Unilateral shoulder flexion
The test was executed while sitting on a stool with a light back support and both feet on the ground holding a dumbbell (2 kg for women and 3 kg for men). The patient chose which shoulder to test. The patient was asked to elevate his/her arm, from 0° to 90° of flexion, as many times as possible using a pace of 20 contractions per minute maintained by a metronome (Matrix MR-500, Quartz Metronome). The test was terminated when the patient was unable to reach 90°, performed the motion with a bent elbow or was unable to maintain the pace. The number of repetitions was registered.
Unilateral heel lift
The test was performed unilaterally on a straight leg standing in the middle on a 10° tilted wedge. The patient chose which leg to test. The toes were placed at the front in the middle of the wedge and the other leg was held slightly above the floor. A support for balance was permitted. At first, the patient was asked to perform one maximal heel lift to mark the height on a measuring stick. The pace, 30 contractions a minute, was set with a metronome (Matrix MR-500, Quartz Metronome). The patient was then asked to perform as many heel lifts as possible. The test was terminated when the patient was unable to reach the mark, bent his/her knee or was unable to maintain the pace. The number of repetitions was registered.
Statistical analyses
Statistical analyses were performed using the Statistical Package for the Social Sciences (SPSS 20.0, Chicago, IL, USA). All the continuous data were normally distributed and were described as the mean ± one standard deviation (SD). Ordinal data was presented as median (25th-75th percentile). Absolute numbers and proportions were used to describe categorical variables. The intraclass correlation coefficient (ICC), absolute-agreement, two-way mixed effects single-measurement model with a 95% confidence interval (CI), was used to analyse the test–retest reliability. 26 The ICC varies from 0 to 1, where 1 is equivalent to perfect reliability.
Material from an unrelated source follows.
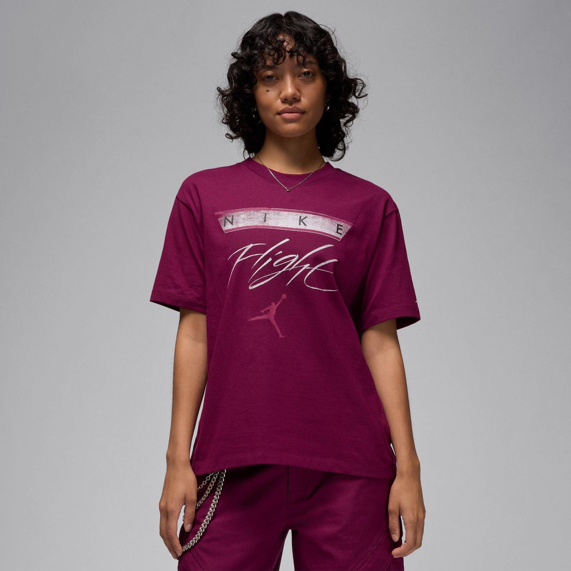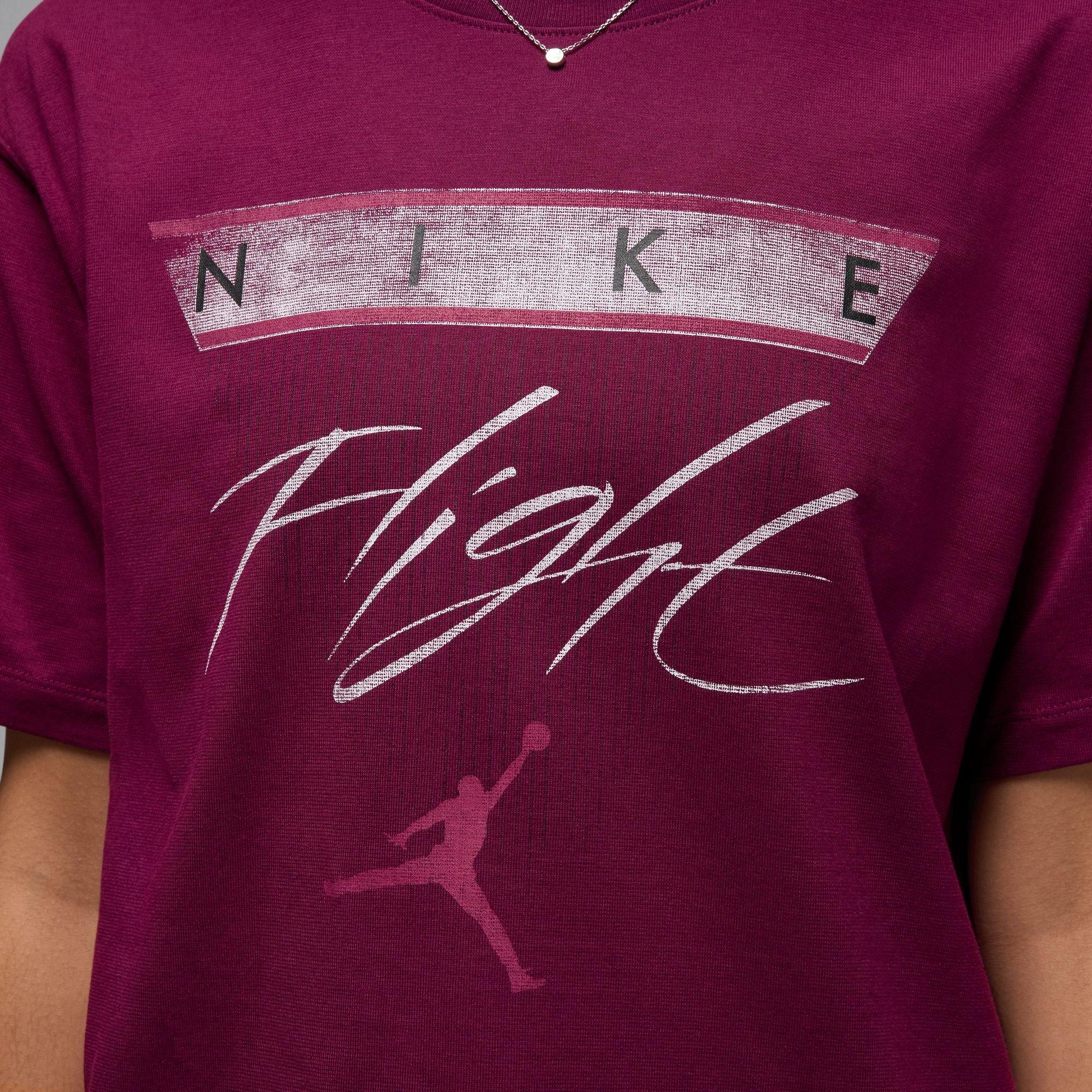 Embrace the timeless appeal of the Jordan Flight Heritage Women's Graphic T-Shirt. This tee boasts a relaxed, slightly boxy cut and features a classic graphic that effortlessly communicates your style. Made from 100% cotton, it offers a comfortable fit for all-day wear. Plus, it's machine washable for easy care. The Jumpman screen print on the sleeve adds a touch of iconic flair to this staple piece. Imported.

In this study, an ICC over 0.75 was considered excellent, 0.4 to 0.75 as fair to good and less than 0.4 as poor reliability. 27 A complementary standard error of measurement (SEM) and SEM% were presented in relation to the ICC to describe the within-subject variability attributable to repeated measurements. Responsiveness was calculated using the minimal detectable change with a 95% CI, which means that 95% of stable patients demonstrate a random variation of less than this amount when tested on multiple occasions. 28
Bland–Altman plots are presented to visualise the between-session difference versus the mean difference value of the two sessions for each test. For normally distributed data, the scatter should be evenly dispersed along the x-axis and the mean should be close to zero. Ninety-five per cent of the difference should be less than two standard deviations (limits of agreement) for good repeatability. 29 To compare systematic differences between test and retest, paired sample t-tests were used for interval data, wilcoxon signed rank test for ordinal data and Pearson’s Chi-Squere test for independence for nominal data. A value of p < 0.05 was considered statistically significant.
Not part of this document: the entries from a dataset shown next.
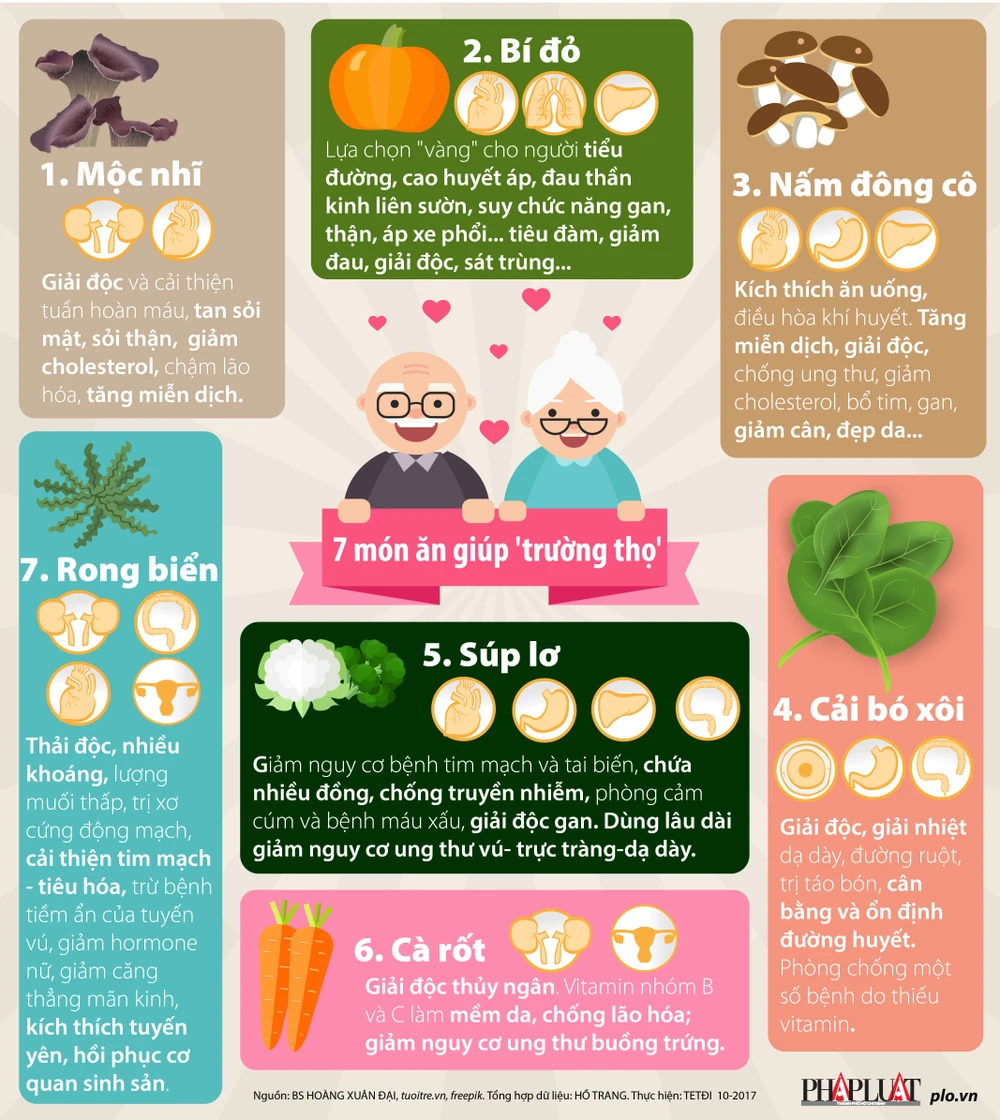 (PLO)- Một số thực phẩm là thuốc quý từ xa xưa, nếu chúng ta thường xuyên ăn sẽ trường thọ. Dưới đây là 7 thực phẩm theo giới thiệu của bác sĩ Hoàng Xuân Đại.
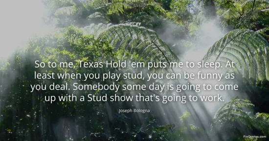 Bologna, Joseph. "So to me, Texas Hold 'em puts me to sleep. At least when you play stud, you can be funny as you deal. Somebody some day is going to come up with a Stud show that's going to work." FixQuotes. January 16, 2026. https://fixquotes.com/quotes/so-to-me-texas-hold-em-puts-me-to-sleep-at-least-84034/.
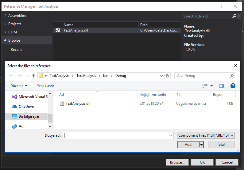 After add TextAnalysis.dll file to references, creat a new Analysis object and call the metod you want.
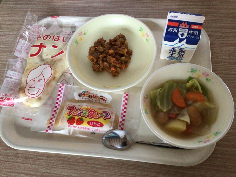 牛乳、ナン、キーマカレー、野菜のスープ煮、クレープ

We conducted a sample size calculation based on a desired reliability coefficient of 0.90 as demonstrated for the muscle endurance tests in a previous reliability study 21 and a minimum acceptable coefficient of 0.80. 28 With a one-sided 95% CI, an alpha value of 0.05 and two testing sessions, a minimum sample size of 46 was required. 30
Results
The baseline characteristics of the study population are shown in Table 1. Descriptive data from the symptom-limited bicycle ergometer test, shoulder-flexion test and heel-lift test are listed in Table 2. The same shoulder and leg were tested both times. There were no significant differences between test 1 and test 2, except for the corrected workload (p=0.03) and the number of shoulder flexions (p=0.01), with a higher test score on test 2. In overall terms, individual reasons for terminating the symptom-limited bicycle ergometer test were the same for both test sessions. A few patients changed from submaximal exertion to submaximal dyspnoea or vice versa.
Baseline characteristics of the study population (N=40).
Nominal data are presented as n (%). Interval data are expressed as the mean ± 1 SD.
SD: standard deviation; CAD: coronary artery disease; STEMI: ST-elevation myocardial infarction; UAP: unstable angina pectoris; PCI: percutaneous coronary intervention; ACE: angiotensin-converting enzyme; COPD: chronic obstructive pulmonary disease.
Descriptive data from each test session (N=40).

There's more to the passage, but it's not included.